■ Given material:
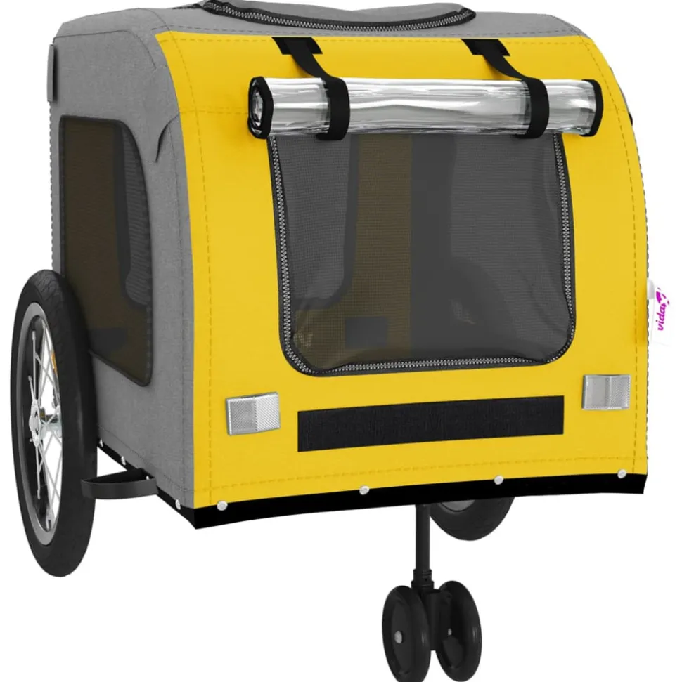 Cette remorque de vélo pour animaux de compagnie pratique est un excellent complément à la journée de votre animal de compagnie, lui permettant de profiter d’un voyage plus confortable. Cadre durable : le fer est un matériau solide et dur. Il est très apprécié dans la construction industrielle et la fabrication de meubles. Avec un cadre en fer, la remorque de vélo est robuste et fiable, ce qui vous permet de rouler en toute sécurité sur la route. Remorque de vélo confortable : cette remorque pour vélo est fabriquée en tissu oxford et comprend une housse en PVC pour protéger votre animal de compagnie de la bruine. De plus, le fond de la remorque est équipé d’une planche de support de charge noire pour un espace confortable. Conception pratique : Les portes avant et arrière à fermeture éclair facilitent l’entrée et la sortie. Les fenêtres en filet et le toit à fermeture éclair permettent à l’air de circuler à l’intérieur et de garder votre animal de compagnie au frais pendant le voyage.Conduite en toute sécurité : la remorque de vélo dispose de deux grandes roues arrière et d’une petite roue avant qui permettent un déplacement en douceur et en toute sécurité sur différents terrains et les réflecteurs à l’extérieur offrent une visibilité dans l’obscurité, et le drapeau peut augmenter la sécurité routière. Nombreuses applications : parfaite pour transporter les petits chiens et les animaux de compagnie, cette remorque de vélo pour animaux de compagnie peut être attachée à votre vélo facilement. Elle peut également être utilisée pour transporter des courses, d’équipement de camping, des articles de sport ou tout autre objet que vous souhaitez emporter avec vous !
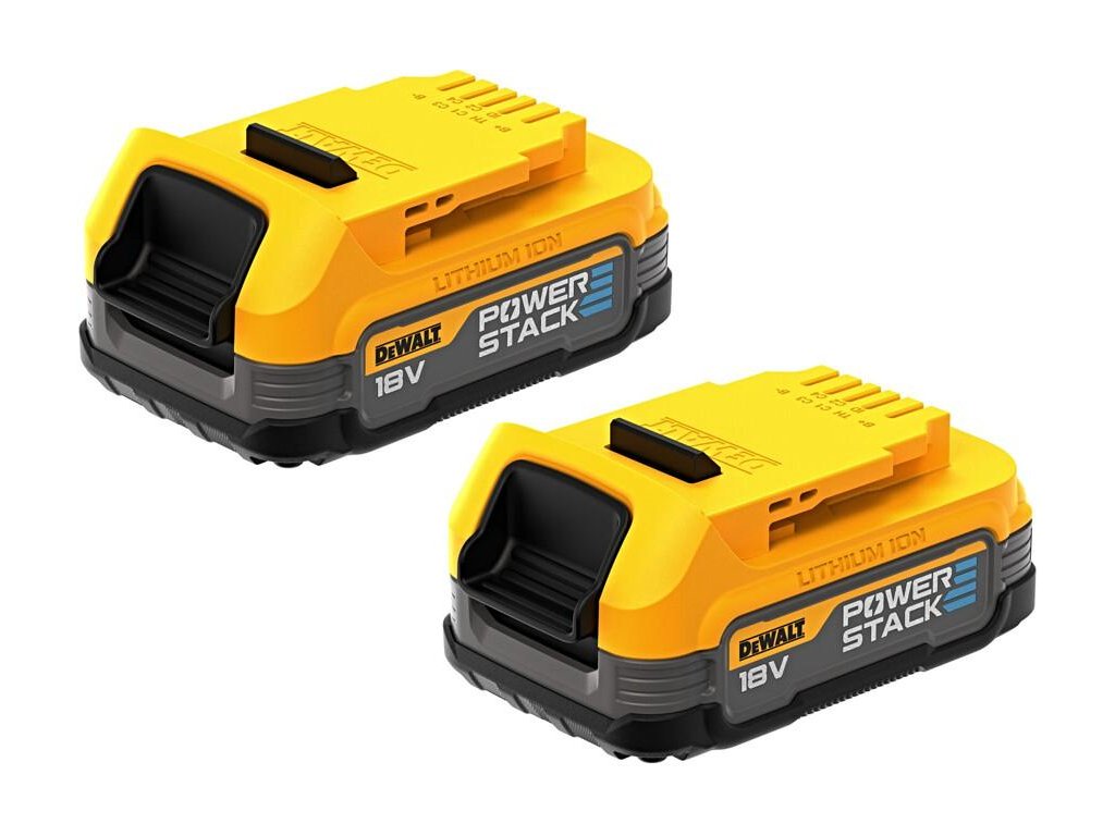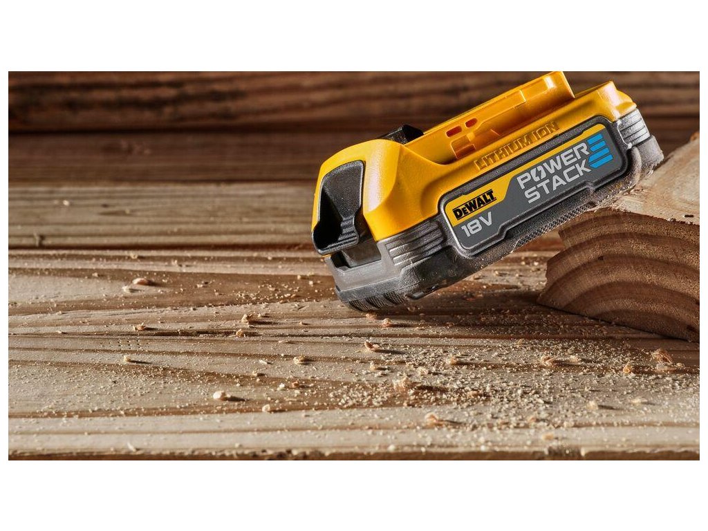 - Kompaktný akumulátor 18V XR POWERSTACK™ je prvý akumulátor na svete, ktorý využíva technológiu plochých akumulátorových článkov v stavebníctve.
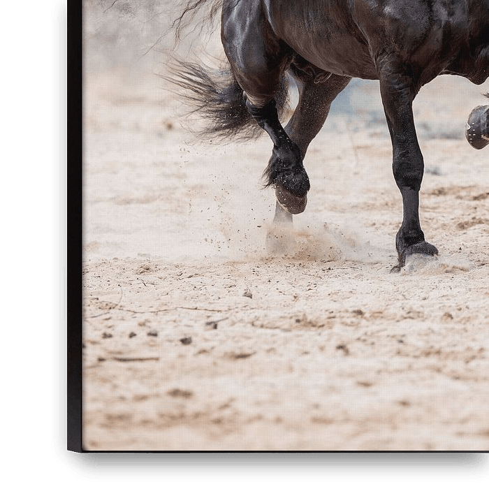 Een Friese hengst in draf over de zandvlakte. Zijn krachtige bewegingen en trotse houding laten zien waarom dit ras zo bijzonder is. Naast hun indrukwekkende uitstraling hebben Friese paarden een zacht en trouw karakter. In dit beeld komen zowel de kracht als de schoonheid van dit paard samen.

■ Work to be completed:
Output the material above verbatim but exclude each picture.

■ Response to this task:
 Cette remorque de vélo pour animaux de compagnie pratique est un excellent complément à la journée de votre animal de compagnie, lui permettant de profiter d’un voyage plus confortable. Cadre durable : le fer est un matériau solide et dur. Il est très apprécié dans la construction industrielle et la fabrication de meubles. Avec un cadre en fer, la remorque de vélo est robuste et fiable, ce qui vous permet de rouler en toute sécurité sur la route. Remorque de vélo confortable : cette remorque pour vélo est fabriquée en tissu oxford et comprend une housse en PVC pour protéger votre animal de compagnie de la bruine. De plus, le fond de la remorque est équipé d’une planche de support de charge noire pour un espace confortable. Conception pratique : Les portes avant et arrière à fermeture éclair facilitent l’entrée et la sortie. Les fenêtres en filet et le toit à fermeture éclair permettent à l’air de circuler à l’intérieur et de garder votre animal de compagnie au frais pendant le voyage.Conduite en toute sécurité : la remorque de vélo dispose de deux grandes roues arrière et d’une petite roue avant qui permettent un déplacement en douceur et en toute sécurité sur différents terrains et les réflecteurs à l’extérieur offrent une visibilité dans l’obscurité, et le drapeau peut augmenter la sécurité routière. Nombreuses applications : parfaite pour transporter les petits chiens et les animaux de compagnie, cette remorque de vélo pour animaux de compagnie peut être attachée à votre vélo facilement. Elle peut également être utilisée pour transporter des courses, d’équipement de camping, des articles de sport ou tout autre objet que vous souhaitez emporter avec vous !
 - Kompaktný akumulátor 18V XR POWERSTACK™ je prvý akumulátor na svete, ktorý využíva technológiu plochých akumulátorových článkov v stavebníctve.
 Een Friese hengst in draf over de zandvlakte. Zijn krachtige bewegingen en trotse houding laten zien waarom dit ras zo bijzonder is. Naast hun indrukwekkende uitstraling hebben Friese paarden een zacht en trouw karakter. In dit beeld komen zowel de kracht als de schoonheid van dit paard samen.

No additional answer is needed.